Выбрать главу

Купюры в 200, 500 и 1000 рублей были разработаны еще в советское время — на них был нарисован Ленин и герб СССР. Купюру в 5 тысяч рублей делали уже с российской символикой — герба на ней не было вообще, зато была подпись Матюхина. Это единственная в постсоветской истории купюра с автографом главы Центробанка.

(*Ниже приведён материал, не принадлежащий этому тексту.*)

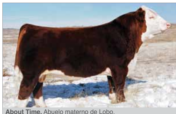
About Time. Abuelo materno de Lobo.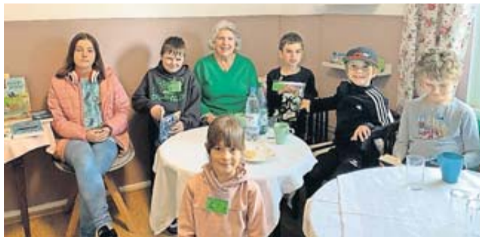
Gemütliche Leserunde im Kulturcafé.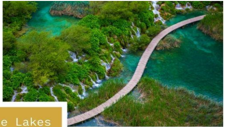
Plitvice Lakes National Park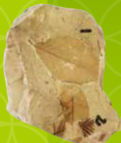
辰巳峠植物化石(ムカシヌカラムツ) 鳥取市佐治歴史民俗資料館蔵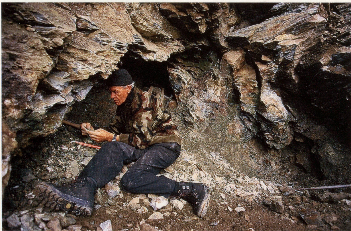
Ein Strahler inspiziert die Schätze einer soeben geöffneten Klufft.

Ihren zweiten Höhepunkt erreicht die Spannung schliesslich zu Hause, wo der Strahler nach gründlicher Reinigung, Umfang und Wert seiner Ausbeute genau abschätzen kann. Die gewonnenen Kristalle werden an Sammler und Touristen verkauft. Sammler und Kenner besuchen die jährlich im Herbst und Winter in der Schweiz stattfindenden Mineralienbörsen, auf denen viele schöne Stücke angeboten werden. Auch Museen und die Wissenschaft sind interessierte Abnehmer. Je nach Art und Qualität des Kristalls kann er mehrere tausend Franken wert sein, die anspruchsvolle Suche kann sich also wirklich bezahlt machen. Obwohl manch glücklicher Strahler kiloweise Kristalle ins Tal schleppt, wird es auch in Zukunft noch vielen passionierten Sammler gelingen, schöne Funde zu tätigen. Wenn auch in unserer Zeit keine neuen Bergkristalle in den Alpen mehr entstehen, weil weder Druck noch Temperatur in notwendiger Höhe vorhanden sind, sorgen doch Verwitterung und Erosion dafür, dass noch ei-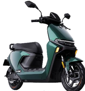
远航家 M 系列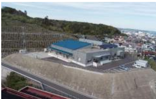
串本町学校給食センター新築工事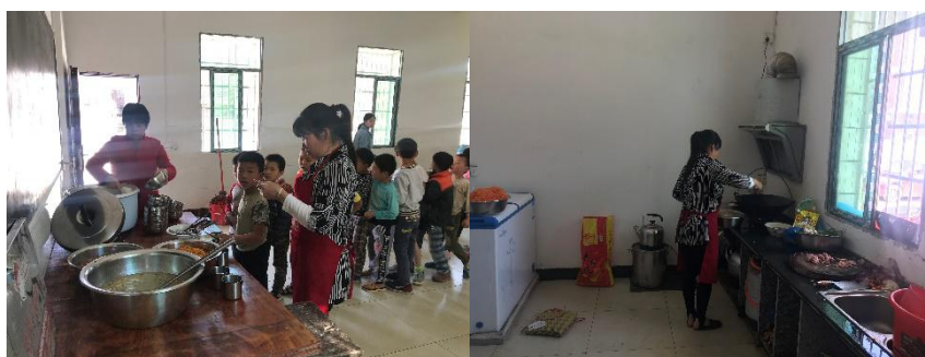
图 I-3 厨师卫生情况组图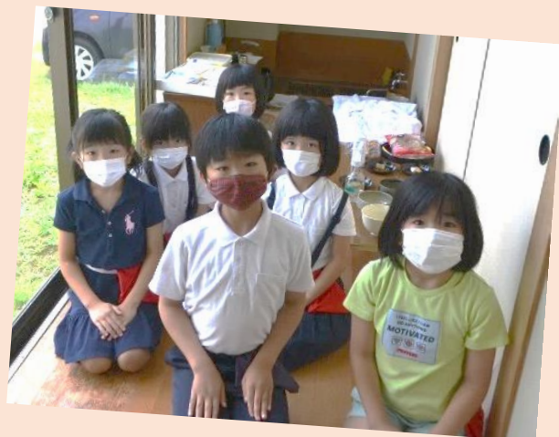
出番まで静かに待ちます。 ちょっとドキドキ・・・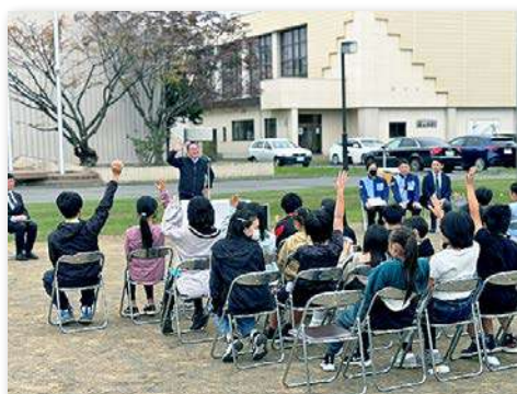
完成式典で児童が本事業について説明を受けている様子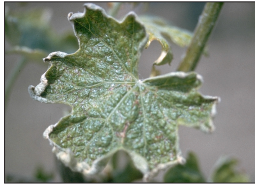
Daño: que se observa en la mitad de la temporada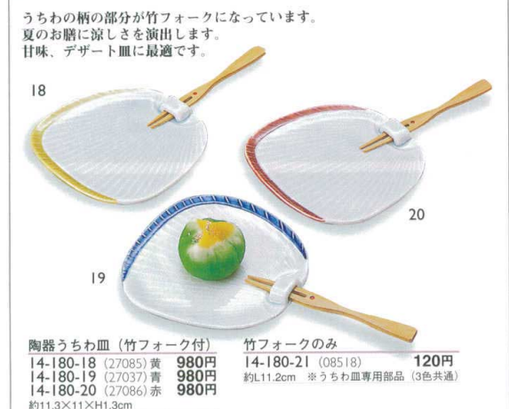
うちわの柄の部分が竹フォークになっています。夏のお膳に涼しさを演出します。甘味、デザート皿に最適です。 18 陶器うちわ皿(竹フォーク付) 14-180-18 (27085) 黄 980円 14-180-19 (27037) 青 980円 14-180-20 (27086) 赤 980円 約11.3×11×H1.3cm 20 竹フォークのみ 14-180-21 (08518) 120円 約L11.2cm ※うちわ皿専用部品 (3色共通)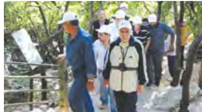
وفد بلديات البقاع في مليتا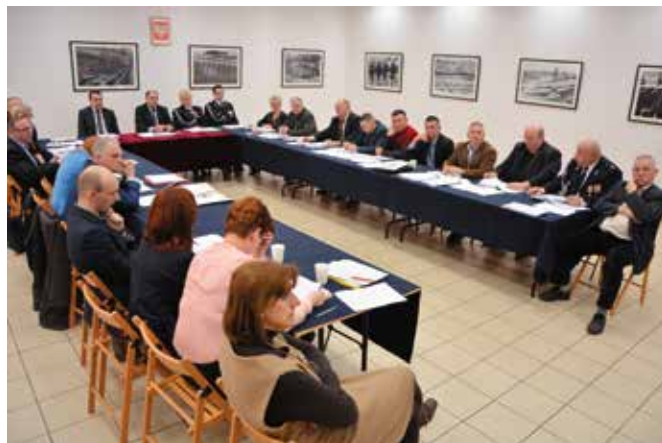
Radni obradowali w Szklanym Domu w Ciekotach.

W projekcie uchwały dotyczącej zmiany uchwały budżetowej radni przyjęli środki pochodzące z nadwyżki budżetowej. Zadsponowali nowe środki z 2015 roku na realizację kilku za-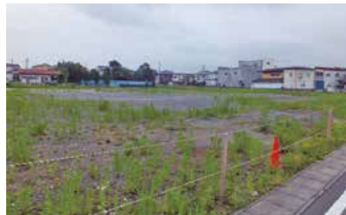
更地になった城北病院跡地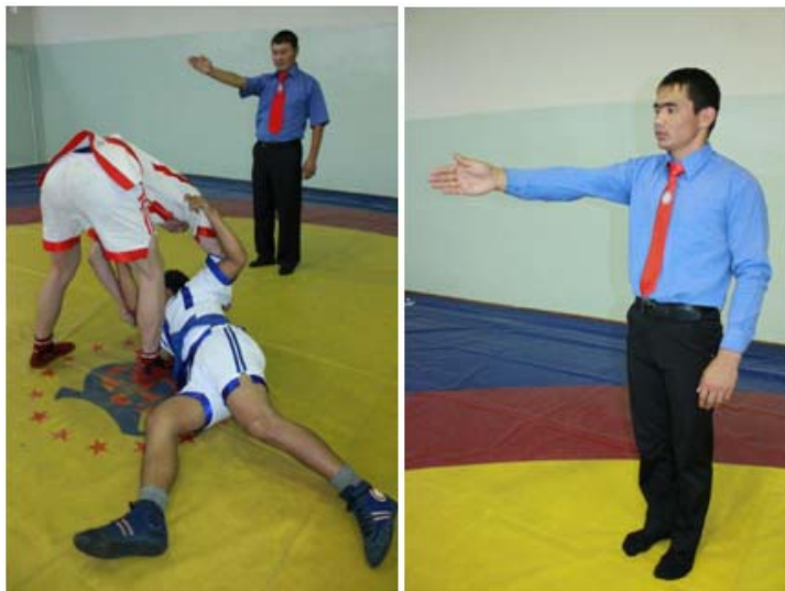
8 – сурет. «Жартылай жеңіс» белгісін көрсету әдісі

Б) «Жартылай жеңіс» - «көпірге тұру» және бір жауырынының және бір жақ қырының тиюі әсерінен болған әдіс тәсілдері.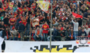
La Curva Sud gremita in occasione del derby con il Catania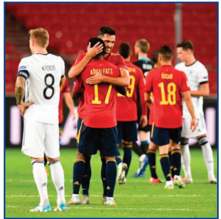
Espanha e Alemanha fazem clássico na segunda rodada

O Japão disputará sua sétima Copa do Mundo. A seleção japonesa não fica de fora de uma Copa do Mundo desde a França-1998 e, embora pareça que sempre participaram da competição, a Copa da França foi a primeira de sua história. Desde então, os japoneses têm sido uma figurinha repetida nas fases de grupos. Atualmente treinada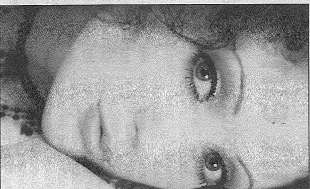
Reda präsentiert eine Weltpremiere im »Blue Heaven«.

hat sich auf den russischen Hip-Hop spezialisiert. Gemeinsam mit Joe D (seinem Produzenten) wird er sein Album vorstellen, das kurz vor dem Abschluss steht. »Rival weiß sehr gut, wie man Rap und

— Регулярно проводились совещания насчет новых денег. На одном из них я сказал, что не понимаю, почему мы не можем, как во всем мире, — там ведь, как правило, везде купюры выпускаются с двумя подписями. Глава Центробанка и главный казначей. Давайте, мол, и мы так же будем делать. Казначея у нас не было, поэтому расписался только я — и, надо сказать, не уследил. Во всем мире подписи стоят внизу купюры, а у нас сделали с краешку, на белом поле, где водяные знаки. За это меня тоже критиковали, хотя, по-моему, такой подход правильнее, чем анонимные деньги, за которые непонятно кто отвечает — то ли Большой театр, то ли Зимний дворец. Но Геращенко, когда вернулся, первым же решением изъял эту купюру из оборота. Даже не знаю, осталась ли она у меня. Вроде бы жена такие вещи собирала, надо бы у нее спросить.

V.

Купюра с автографом — это, впрочем, был уже прощальный поклон основателя российского Центробанка. Матюхин говорит, что был уверен в своей скорой отставке хотя бы потому, что у Бориса Ельцина была склонность «просто так», для видимости активной деятельности раз в несколько месяцев менять руководящие кадры. «Ему доставляло удовольствие, — говорит Матюхин, — вот так вот кулаками размахивать и басить: „А мы его уже сняли!“». Но, видимо, это уже такая аберрация памяти. Назначение и отставка председателя Центробанка — это была компетенция Верховного Совета, а Руслан Хасбулатов, несмотря ни на Ельцина, ни на депутатов, ни на прессу, достаточно долго покровительствовал Матюхину.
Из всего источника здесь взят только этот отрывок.